Invasive Aquatic Species...

Aquatic species:

Common Carp – Garbage fish that sucks the bottom like a vacuum tearing up shallow plants. They breed like rabbits, are ugly as sin, and taste like crap. Crap…Carp. Makes sense to me. If you’re ever luck enough to catch one of these beauts, chuck it up on shore and see if it can adapt to that environment.

Bighead and Silver Carp – The BigHead can weigh upwards of 100 pounds and eat everything in sight. The Silver can hit 60 lbs. and will jump out of the water and knock you out of the boat and into the water, where they will chew you to the bone.

Grass Carp – Another hefty beast that is both harmful and disgusting.

New Zealand Mud Snail – This foreign freak gets it on with itself, produces asexually that is, and can cover a Family Size pizza box with a half million of it’s nasty little brood. It will cover anything and everything.

Round Goby – Sounds like a mischievous character from a Harry Potter book (please don’t sue Mrs. Rowling), but these slimy sludge eaters breed two or three times annually (maybe that’s J.K.’s problem) and live stacked on top each like a 20 story walk up.

Ruffe – This spiky bottom feeder can lay nearly 100,000 eggs in a single season and will decimate the local forage fish population. Goodbye perch, goodbye crappie.
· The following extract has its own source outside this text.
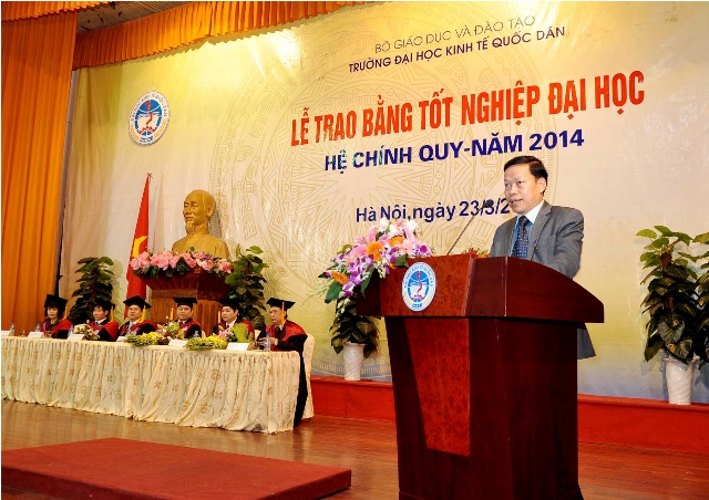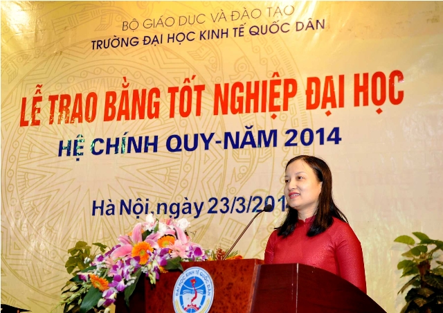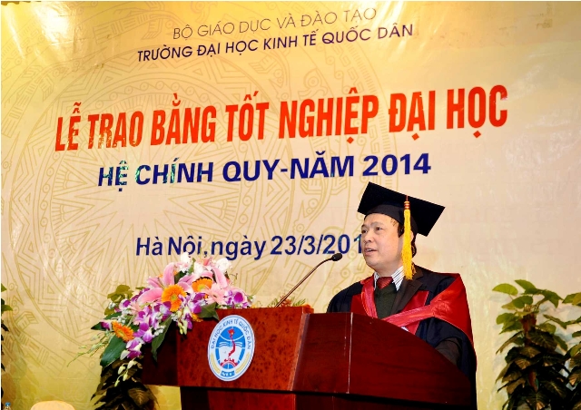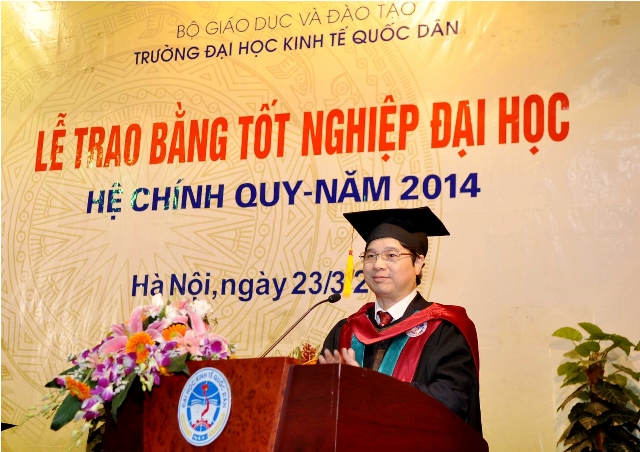 Phát biểu tại buổi lễ, GS.TS.Phạm Quang Trung  – Phó Hiệu trưởng thay mặt Ban Giám hiệu gửi lời chúc mừng các tân cử nhân sau 2 năm nỗ lực học tập và rèn luyện, những kết quả của các em đã được ghi nhận bằng tấm bằng tốt nghiệp của trường Đại học Kinh tế Quốc dân và mong muốn rằng các tân cử nhân tiếp tục học hỏi, đem hết kiến thức, kỹ năng đã có áp dụng sáng tạo vào cuộc sống, vào công việc để trở thành những cán bộ, chuyên gia, những nhà quản lý giỏi, đóng góp thật nhiều cho sự phát triển của cộng đồng, đất nước. Cùng với đó Phó Hiệu trưởng Phạm Quang Trung cũng gửi lời cảm ơn đến đơn vị quản lý, các thầy cô giáo tham gia giảng dạy đã hết lòng tận tụy, đóng góp thầm lặng nhưng rất tích cực và hiệu quả cho sự nghiệp đào tạo, cho sự phát triển của Trường Đại học Kinh tế Quốc dân.
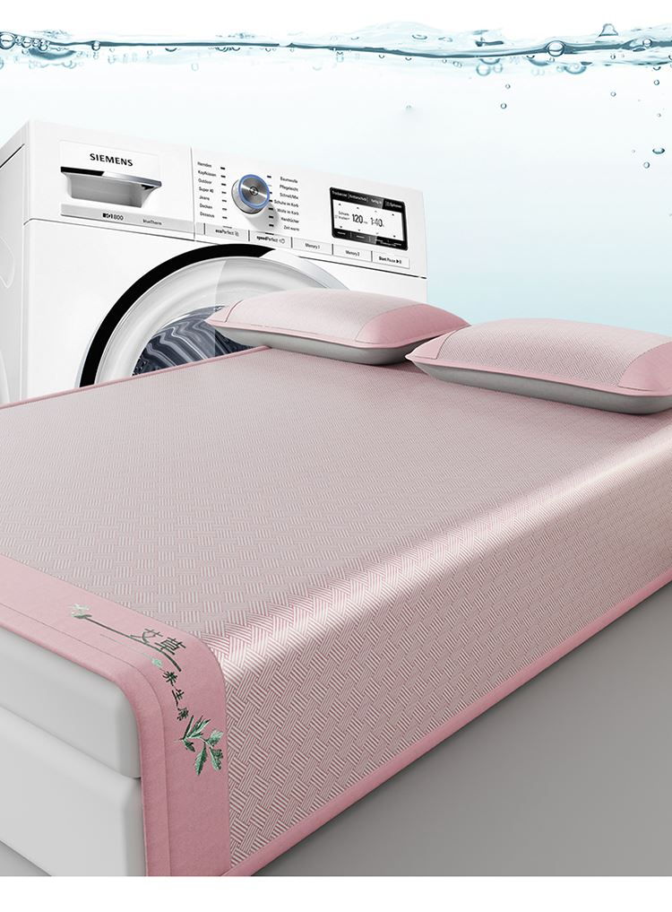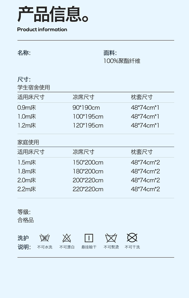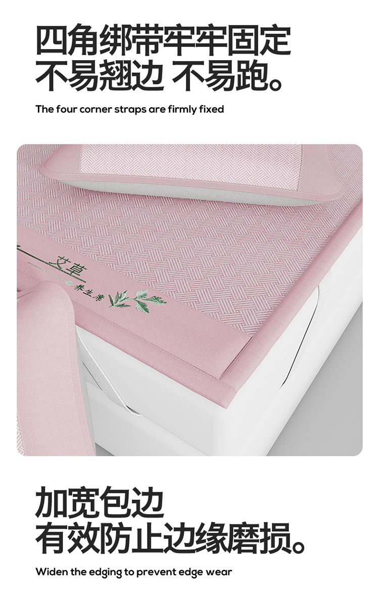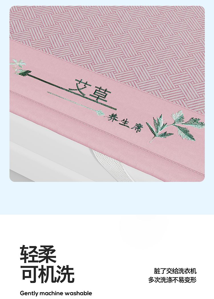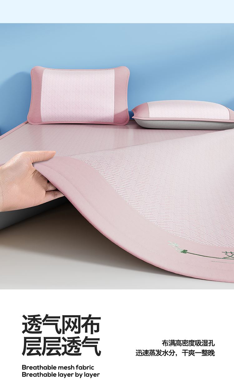 1:艾草养生席凉 睡到自然醒 2:冰凉再升级开启沁凉夏夜 的气息沁入心怀 冰丝席自带凉爽消暑质感,一股自然惬意 3:冰丝材质适合怕凉体质,凉感轻柔温和凉感不伤身 尺寸:180x200cm凉席+48*74cm*2枕套一对 包装:彩盒

Rusty Crayfish – I always liked these guys. A feisty challenge to catch, decent bait, and better tasting than carp. The problem is, they eat up all the fish eggs and can really muck up the baitfish population for the upcoming season.

Sea Lamprey – This blood-sucking parasite is long, black, and nasty. With a circular row of teeth and a vacuum for a mouth this creature jumped straight out a horror flick. This overgrown leech feeds on game fish and can kill a 40lbs Lake Trout during its lifetime.

Spiny Water Flea – These buggers latch on to your fishing line, lure, net, and anything that touches the water. They displace useful creatures at the bottom of the food chain and don’t taste a thing like the fishies they replace. Check your gear, they can be sneaky.

Zebra Mussel – These hated devils attach themselves to anything sits underneath the waves. They cover it thick and they cover it fast, producing 1 million eggs every year. Massive reproduction without natural predators leads to a horrible, unfixable debacle.

Aquatic Plants:
Curly-Leaf Pondweed – This rapidly growing weeds’ biggest problem is that it is the first to sprout in the spring, which competes with native plants, and then it dies around mid-summer only to leave us with massive floating mats of dead weeds. It is eaten by ducks and used by fish for cover, but it diminishes our biodiversity and this can be a major problem in the long run.

Eurasian Water Milfoil – Milfoil is to Lake Minnetonka as Adrian Peterson is to a sixth grade flag football game. Ideally suited. Our sharp green lawns create a nutrient rich environment that super charges its growth; and heavy boat traffic enables easy transplantation. One little piece, cut from any part of the plant, has the ability to initiate its own infestation.

Physical removal by means “mowing” the countless fields of the weed have failed to provide Our Lake with any viable solution. Clear-cutting the Lake bed only pushes the need for real answers back another day. The increasing costs of the program and its diminishing returns no longer benefit the local community, nor the ecosystem. New solutions must be sought and government officials must be willing to shrug off the old and embrace the new.

Flowering Rush – What a nice pretty flower, I have to admit, but this bugger plans on wiping out cattail and willow populations. For that I will not stand. Can’t this plant just learn to get along?

Purple Loosestrife – Again, not a bad looker, but as I have learned in my short life, sometimes even the pretty ones can be nasty bitches. Loosestrife can grow so thick and dense that animals cannot penetrate it. It provides no shelter and is worthless as a food product. Like my Grandma B always says, “If she can’t cook and won’t clean, it don’t matter what she looks like.” Different time, but you get the point.

Reed Canary Grass – This lean and mean machine grows in a similar manner to your lawn. One plant will sprout, then begin to spread itself out, forming a thick mat of roots a few inches below the surface. This blocks out any and all competing plants and can drastically change to ecology of a wetland area.